The hat is a hat that evolved with a visor. We are in Ireland in the 14th century. Farmers and workers wear flat wool hats like a beret. This hat was called a flat hat. Gradually, however, it came to be known as the “Irish hat.” This headscarf, which can be considered the ancestor of the hat as we know it, only existed in popular circles.
In 1571, the English Parliament seized the Irish hat … To revive the Irish wool trade, he passed a law forcing all men 6 (!) To wear the famous Irish hat on Sundays. The offender will be fined 17 pence. Nobles and deserving citizens are exempted from wearing this Irish hat. It anchors more in popular circles.
The law was repealed by the English Parliament in 1597, but the Irish hat, meanwhile, became a symbol of the social classes that opposed the nobility and the powerful. Not only the workers but also the farmers wear it with pride and it is more of a challenge than respecting a particular tradition.

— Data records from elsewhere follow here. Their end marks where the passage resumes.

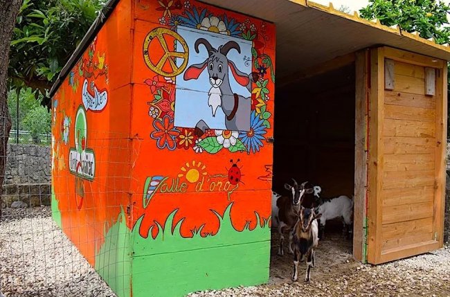 Capanno arancione decorato con disegni colorati e capre.
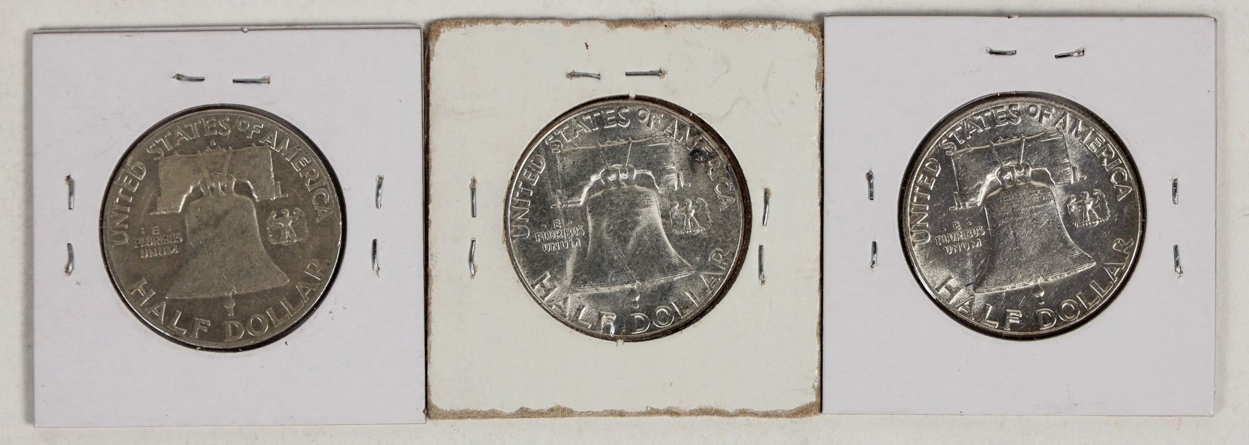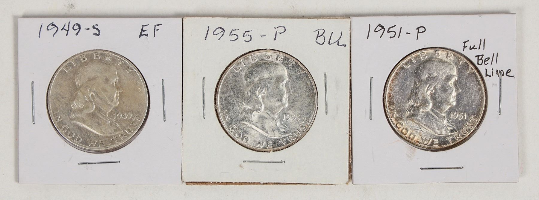 Lot of three Franklin half dollars: 1949-S (EF); 1951 BU full bell lines; 1955 BU.
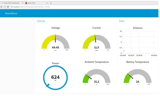 Moreover, a Human–Machine Interface (HMI) has been developed to graphically represent the telemetry data obtained from the vehicle. The HMI is implemented using the Node-RED dashboard, which allows for real-time visualization of key parameters such as temperature, current, and voltage. Additionally, the HMI provides detailed insights into the battery voltage, current consumed by the electric vehicle, power output, distance traveled during the test, ambient temperature, and battery temperature. This comprehensive visualization enables operators to monitor the vehicle’s performance and battery status effectively, ensuring optimal operation and timely detection of any anomalies.
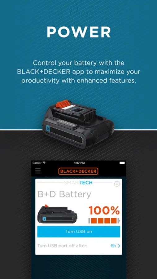You can also connect the BLACK+DECKER™ app to your SMARTECH™ batteries via Bluetooth®. Once connected, you can view the current charge of your battery, turn on or off the USB charging port, enable or disable the battery, and locate your battery when lost.
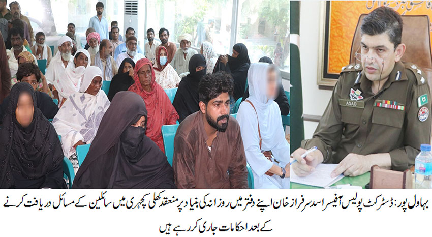 بہاولپور( )ڈسٹرکٹ پولیس آفیسر اسد سرفراز خان کا شہریوں کے مسائل ترجیحی بنیادوں پر حل کرنے کیلئے روزانہ کی بنیاد پر اپنے دفتر میں کھلی کچہری کا انعقاد، 50سے زائد شہریوں نے اپنے مسائل ڈی پی او کے سامنے رکھے۔ پراپرٹی کے مقدمات میں جلد ریکوری کرکے رپورٹ پیش کریں، تاخیر کسی صورت برداشت نہیں کی جائے گی، شہریوں کے مسائل حل کرنے کیلئے ہر ممکن وسائل کو بروئے کار لایا جا رہا ہے ،ڈی پی او اسد سرفراز خان

And the visor? It appears a little below 300 years later. By the end of the nineteenth century, a hat made of thick wool had developed rapidly in Europe and the United States. It is wider and ends in a visor. She descended into the working class and, in France, was soon called “Gavroche”, the prototype of the working class that appears in Victor Hugo’s “Les Miserables”, referring to the Parisian titi. This name still exists today. This hat invaded the United States, especially imported by many Irish people who had fled their impoverished country. In New York and the big American cities, hats are worn by children selling newspapers. It was quickly called the “Newsboy Cap.”
At the beginning of the twentieth century, a beautiful hat made of tweed and quality fabrics spread into the world of leisure, which is becoming more and more developed every day (golf, hunting, horse racing, car driving …). Wealthy landowners in England and Ireland are becoming their symbol. The cap is no longer reserved for the working class.
Even today, its popularity remains. It is a fashion accessory that has become very popular among many celebrities, including women, in the following decades: the Beatles in the 60s, Robert Redford in the 70s, Madonna, Beyonc,, Brad Pitt, Michael Schumacher or Johnny Depp.